Fu l'infanzia di Bartolomeo, come quella della maggior parte degli uomini segnalati, disastrosa. Studiava egli ancora gramatica nei monti del Bergamasco, allorchè il furore di parte ghibellina gli rapiva il padre, gli averi, la patria ed un fratello. Restavagli la madre e questa pure sotto pretesto di certi antichi crediti venne fatta imprigionare dal Benzoni, tiranno di Crema, e tenuta tanto tempo in carcere, finchè non gli cedette tutti i suoi beni dotali.

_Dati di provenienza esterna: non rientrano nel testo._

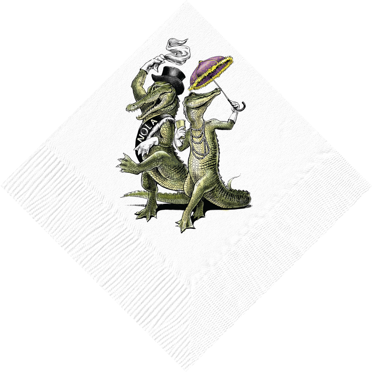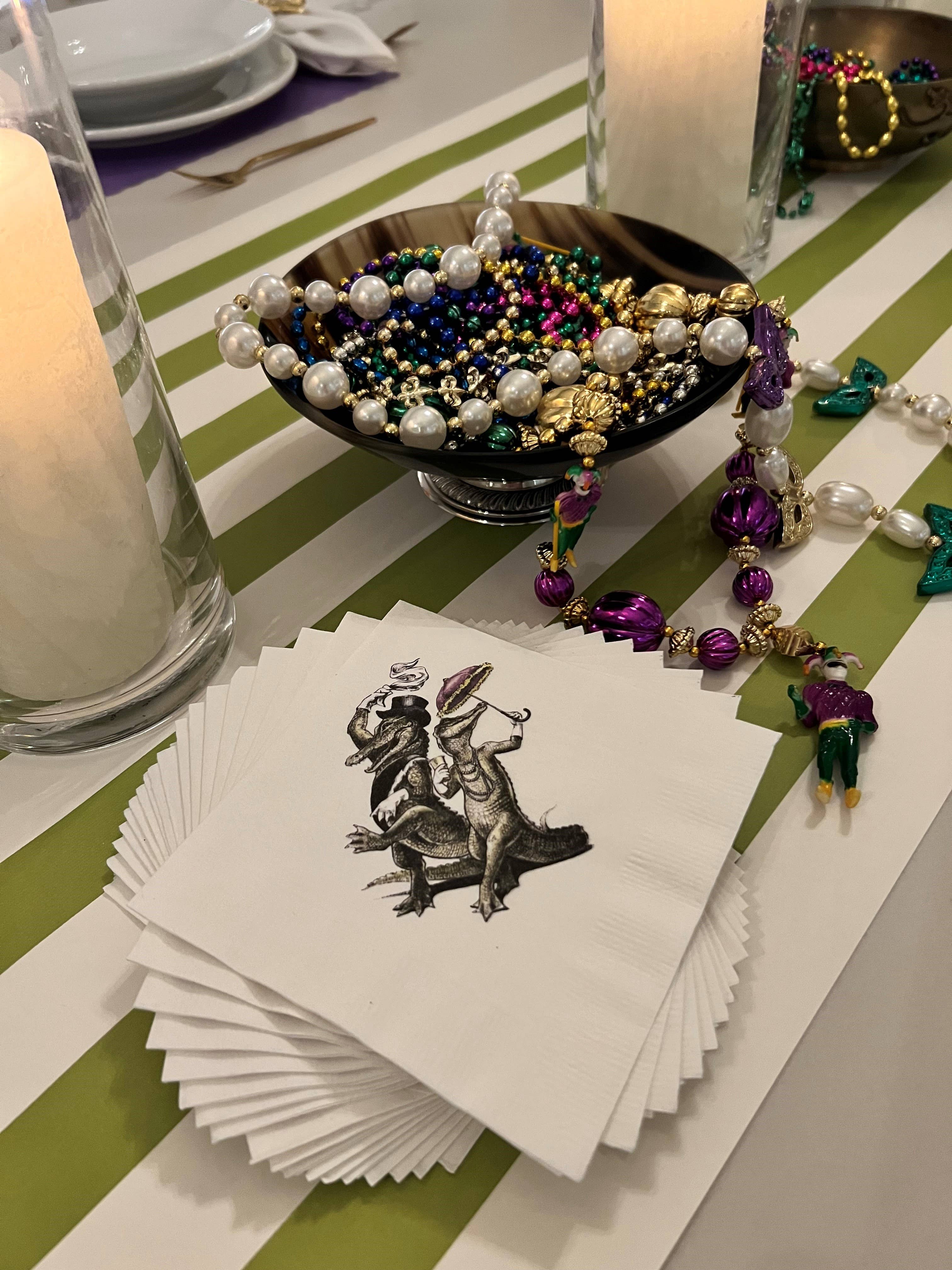 Make every hour a happy hour! These whimsical second line alligator cocktail napkins are a wonderful addition to any Mardi Gras celebration or wedding — whether you’re hosting 2 or 200. Alexa Pulitzer's hand-drawn illustrations are created in her New Orleans atelier and printed in the USA on 3-ply paper napkins. DETAILS * 5” square 3 ply napkin * 20 napkins per pack.

Fra queste amarezze Bartolomeo entrò nell'adolescenza : però mirando la Lombardia a motivo della morte del duca Gian Galeazzo Visconti tutta in una faccia e in uno spettacolo di guerra, deliberò di uscire da quella miseria, che gli veniva resa più acerba dalla ricordanza del primiero suo stato, e s'introdusse in qualità di paggio ai servigi di Filippo Arcelli signore di Piacenza. In capo a due anni il Carmagnola venne ad accamparsi coll'esercito del duca di Milano sotto Piacenza, ed intimò all'Arcelli di render senza dimora la città, se pur non preferisse contemplare coi proprii occhi l'estremo supplizio del figliuolo e del fratello di lui, che erano stati fatti prigionieri. L'Arcelli stette saldo a difendersi. Tuttavia il sangue di quegli innocenti non bastò a liberarlo dalla necessità di ar

rendersi più tardi. Perduta adunque Piacenza, Filippo passò nel Friuli a servigio dei Veneziani, Bartolomeo Colleoni recossi nella Puglia alle tende di Braccio che, datogli un cavallo, il ricevette tra i suoi ragazzi, ossia valletti.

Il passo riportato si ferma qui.